Platform Operations Runbook

Operational reference for the ShackleAI platform. Covers VPS access, Docker service management, PostgreSQL, Redis, Caddy, CI/CD deploy and rollback, and emergency procedures. All commands assume a single-VPS deployment on Ubuntu 24.04.

Security note: Replace all placeholder values (YOUR_VPS_IP, path/to/key.pem) with your actual credentials. Never commit credentials to version control.

1. VPS Access & Health Checks

Connect to the VPS over SSH using the PEM key. Always verify system health before making changes.

SSH access

ssh -i "path/to/key.pem" ubuntu@YOUR_VPS_IP

System health

Run these commands after connecting to verify resource availability before a deploy or troubleshooting session.

# System resource usage
htop

# Disk usage
df -h

# Memory usage
free -m

# All running containers
docker ps

# Caddy proxy status
systemctl status caddy

2. Docker Operations

All platform services run as Docker containers managed by Docker Compose. The production compose file is docker-compose.prod.yml.

List all containers

# Show all containers (running and stopped)
docker ps -a

Restart a service

# Restart a specific service
docker compose -f docker-compose.prod.yml restart <service>

# Examples:
docker compose -f docker-compose.prod.yml restart nextjs
docker compose -f docker-compose.prod.yml restart worker

View logs

# Tail 100 lines and follow logs for a container
docker logs --tail 100 -f <container>

# Examples:
docker logs --tail 100 -f shackleai-platform-nextjs-1
docker logs --tail 100 -f shackleai-platform-worker-1

Rebuild and restart all services

# Pull latest image and restart in detached mode
docker compose -f docker-compose.prod.yml up -d --build

Prune unused resources

Warning: This command removes ALL stopped containers, unused images, networks, and volumes. Only run during a planned maintenance window. Take a database backup first.

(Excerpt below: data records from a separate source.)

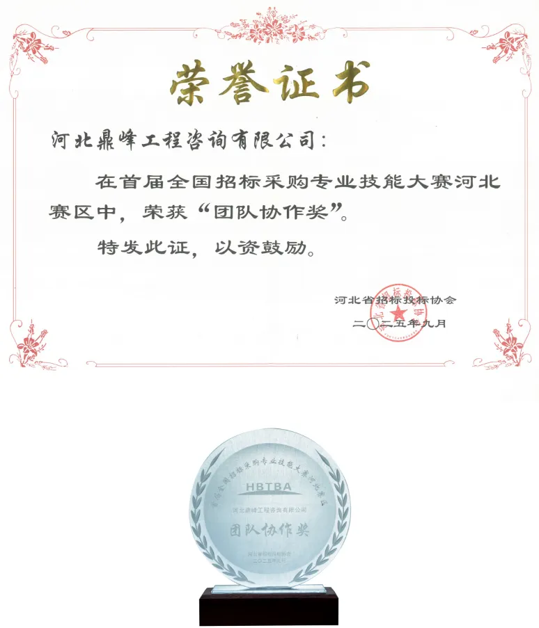在9月21日舉辦的“首屆全國招標(biāo)采購專業(yè)技能大賽河北賽區(qū)決賽暨首屆河北省招標(biāo)采購專業(yè)技能大賽”中,我公司憑借初賽階段出色的團(tuán)隊(duì)協(xié)作與專業(yè)表現(xiàn),榮獲“團(tuán)隊(duì)協(xié)作獎”;同時在決賽階段承擔(dān)協(xié)辦工作,以嚴(yán)謹(jǐn)、高效的服務(wù)保障賽事有序推進(jìn),踐行了招標(biāo)采購人所應(yīng)具備的責(zé)任與擔(dān)當(dāng)。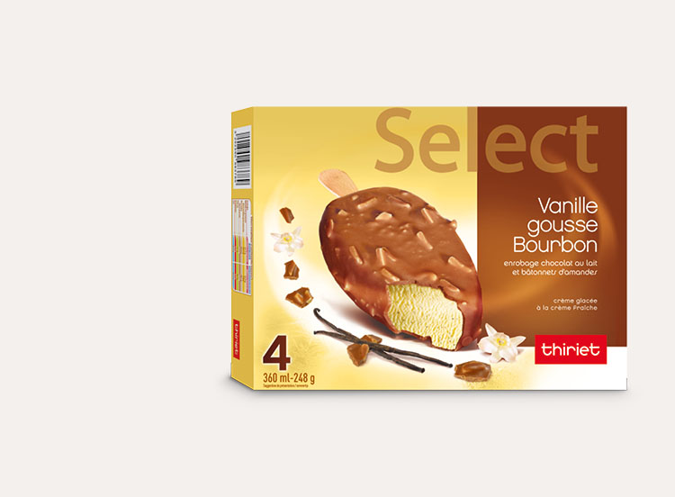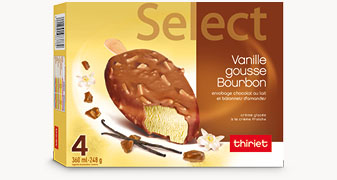 4 bâtonnets gourmands à base de crème glacée vanille gousse, à la crème fraîche, enrobée de chocolat au lait, pur beurre de cacao avec des bâtonnets d'amande croquants. Emballage individuel.*Tous les ingrédients ne sont pas d'origine France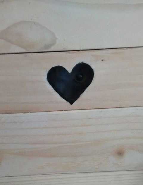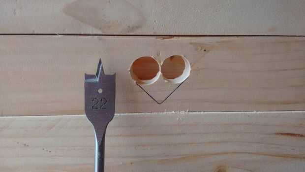 Para crear un en forma de corazón de mirilla, perforé dos agujeros de 22mm de lado a lado y terminar la forma del corazón con una sierra de calar.

# WARNING: This removes ALL stopped containers, dangling images,
# unused networks, and volumes. Only run during maintenance.
docker system prune -af --volumes

3. PostgreSQL Management

PostgreSQL 16 with pgvector runs in the shackleai-platform-postgres-1 container. Database name: shackleai_platform.

Connect to the database

docker exec -it shackleai-platform-postgres-1 \
  psql -U shackleai -d shackleai_platform

Common operational queries

-- Total registered users
SELECT COUNT(*) FROM users;

-- Active subscriptions by tier
SELECT tier, COUNT(*) FROM subscriptions
WHERE status = 'active'
GROUP BY tier;

-- Recent API key usage (last 24 hours)
SELECT COUNT(*) FROM api_calls
WHERE created_at > NOW() - INTERVAL '24 hours';

-- Check pending migrations
SELECT name, applied_at FROM _migrations
ORDER BY applied_at DESC LIMIT 10;

Backup

Run backups before any schema migration or infrastructure change. Store the output file securely off-VPS.

# Dump the database to a local file
docker exec shackleai-platform-postgres-1 \
  pg_dump -U shackleai shackleai_platform > backup_$(date +%Y%m%d_%H%M%S).sql

Restore

Warning: Restore will overwrite existing data. Ensure the target database is in a known state before running this command.

# Restore from a backup file
docker exec -i shackleai-platform-postgres-1 \
  psql -U shackleai -d shackleai_platform < backup.sql

Check migration status

# Check migration status from VPS
for f in src/migrations/*.sql; do
  name=$(basename $f)
  exists=$(docker exec shackleai-platform-postgres-1 \
    psql -U shackleai -d shackleai_platform -t \
    -c "SELECT 1 FROM _migrations WHERE name='$name'" | tr -d ' ')
  echo "$name: $([ "$exists" = "1" ] && echo applied || echo PENDING)"
done

4. Redis Operations

Redis 7 runs in the shackleai-platform-redis-1 container. The platform uses DB index 3 for session and cache data.

Connect to Redis CLI

# Connect to Redis on DB index 3 (ShackleAI platform DB)
docker exec -it shackleai-platform-redis-1 redis-cli -n 3

Inspect keys and memory

# List all keys in current DB
KEYS *

# Check a specific key's value
GET <key>

# Check memory usage
INFO memory

# Monitor live commands (press Ctrl+C to stop)
MONITOR

Flush the platform cache

Caution: FLUSHDB removes all keys in the selected DB index. Sessions will be invalidated and users will be logged out. Use only when necessary (e.g., cache poisoning, stale data incident).

# Switch to the platform DB index and flush it
# WARNING: This clears ALL cached data for the platform.
SELECT 3
FLUSHDB

5. Caddy (Reverse Proxy & SSL)

Caddy handles HTTPS termination and reverse proxying. SSL certificates are auto-provisioned and renewed via Let's Encrypt — no manual renewal is needed under normal conditions.

Check SSL certificate status

# List all managed SSL certificates and their expiry
caddy list-certificates

Reload configuration

Use this after editing the Caddyfile. Caddy reloads without dropping active connections.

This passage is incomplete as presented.